Exercise directions:
In the listing below, find the line that contains "おふたりの想い出に残る一品を" and the line that contains "Sougayilang-caña de pescar". Quote both and every line between them, exactly, and nothing more.

Dataset records:
((
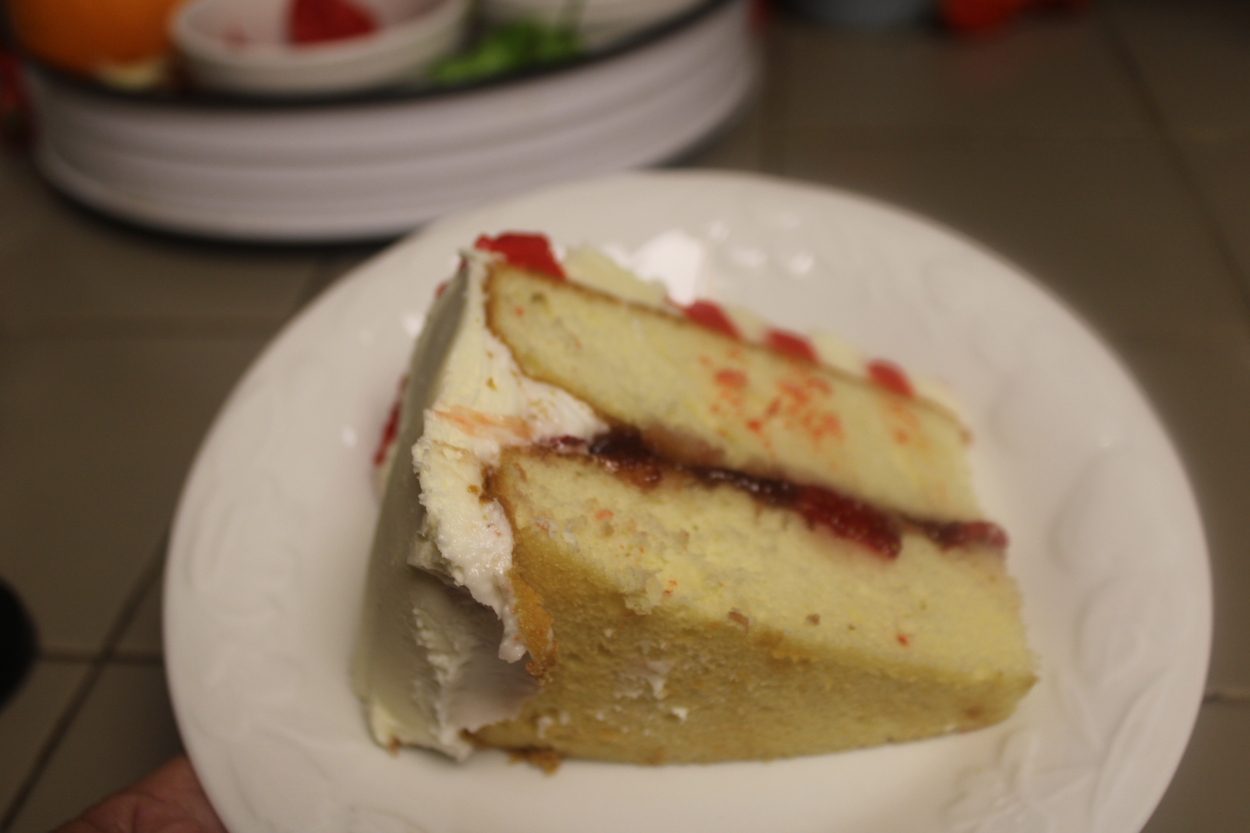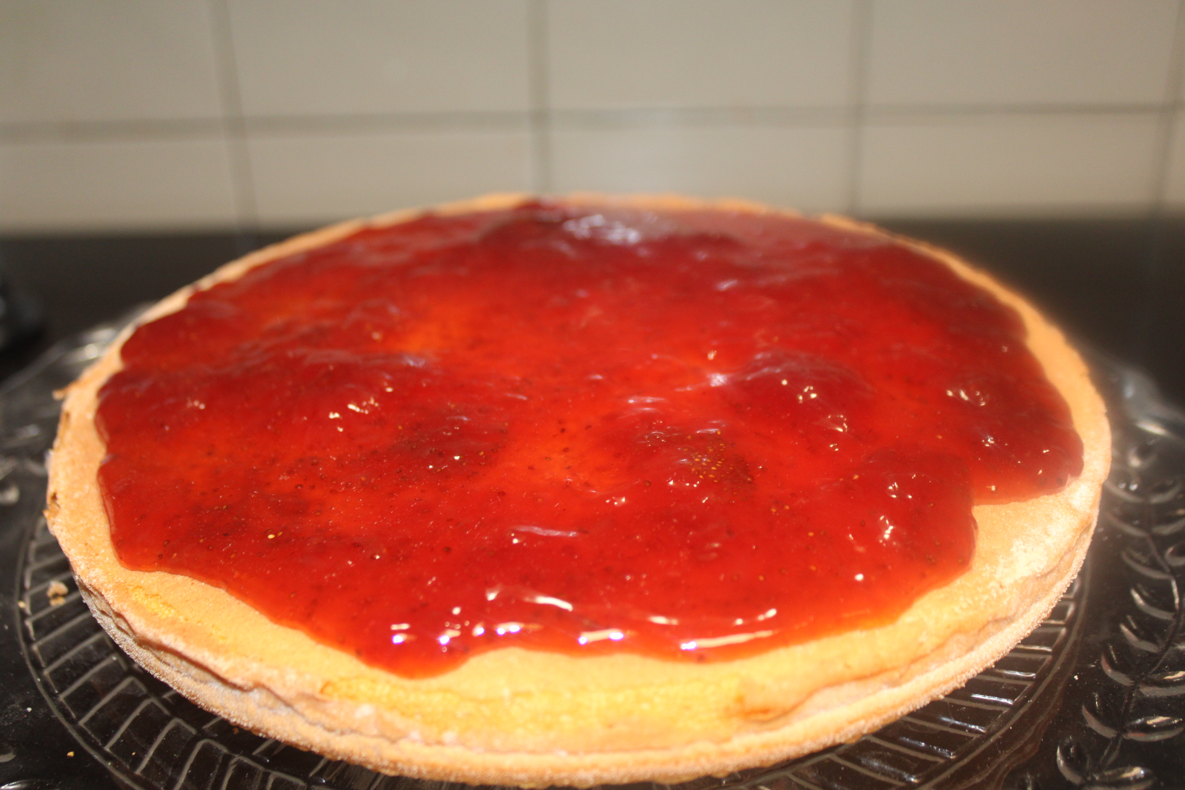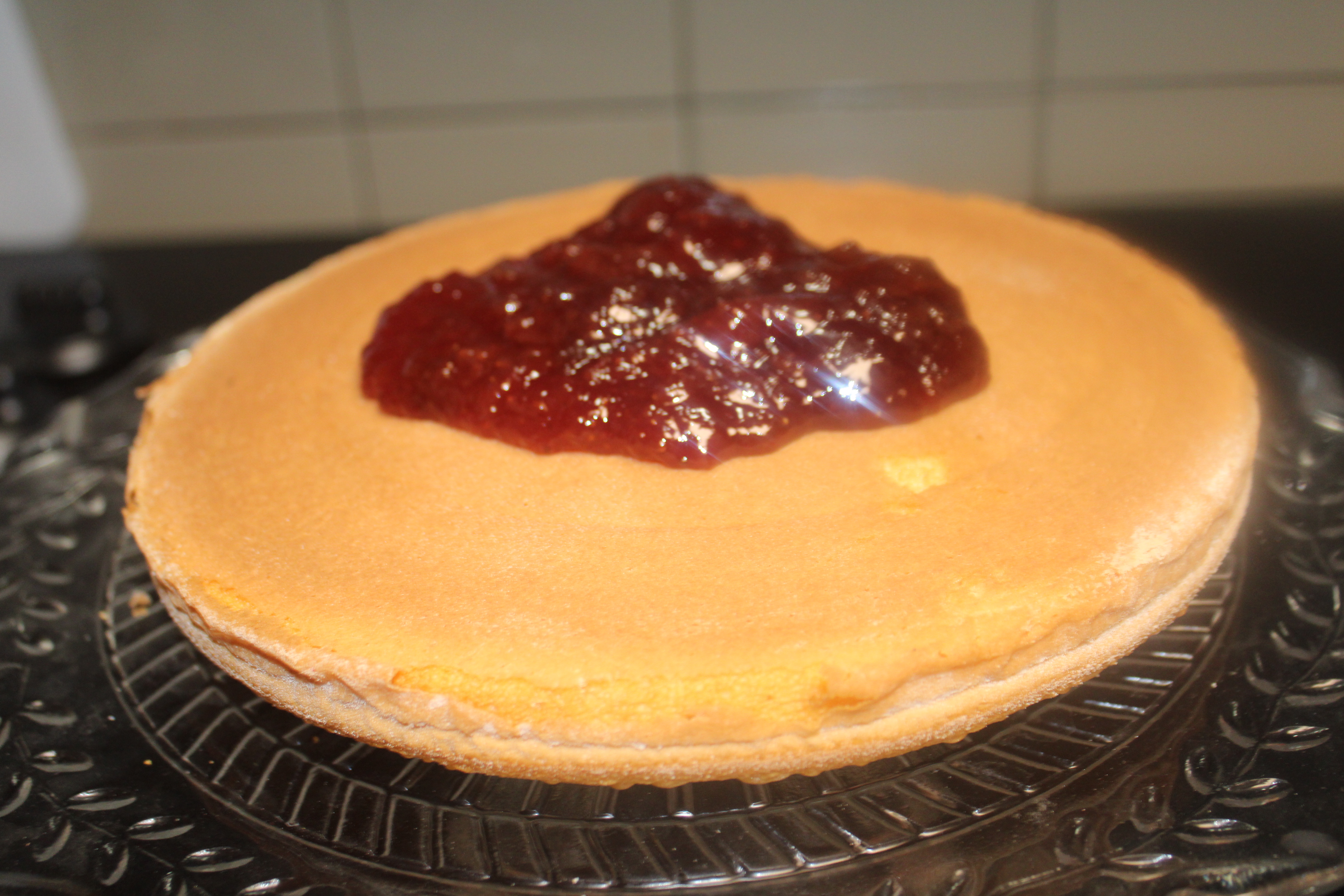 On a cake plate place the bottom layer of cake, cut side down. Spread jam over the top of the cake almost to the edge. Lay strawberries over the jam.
))
((
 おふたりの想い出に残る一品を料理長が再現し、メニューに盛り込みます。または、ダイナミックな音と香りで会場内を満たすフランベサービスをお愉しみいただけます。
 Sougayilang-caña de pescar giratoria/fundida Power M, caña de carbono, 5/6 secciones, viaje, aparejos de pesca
))
The answer:
 おふたりの想い出に残る一品を料理長が再現し、メニューに盛り込みます。または、ダイナミックな音と香りで会場内を満たすフランベサービスをお愉しみいただけます。
 Sougayilang-caña de pescar giratoria/fundida Power M, caña de carbono, 5/6 secciones, viaje, aparejos de pesca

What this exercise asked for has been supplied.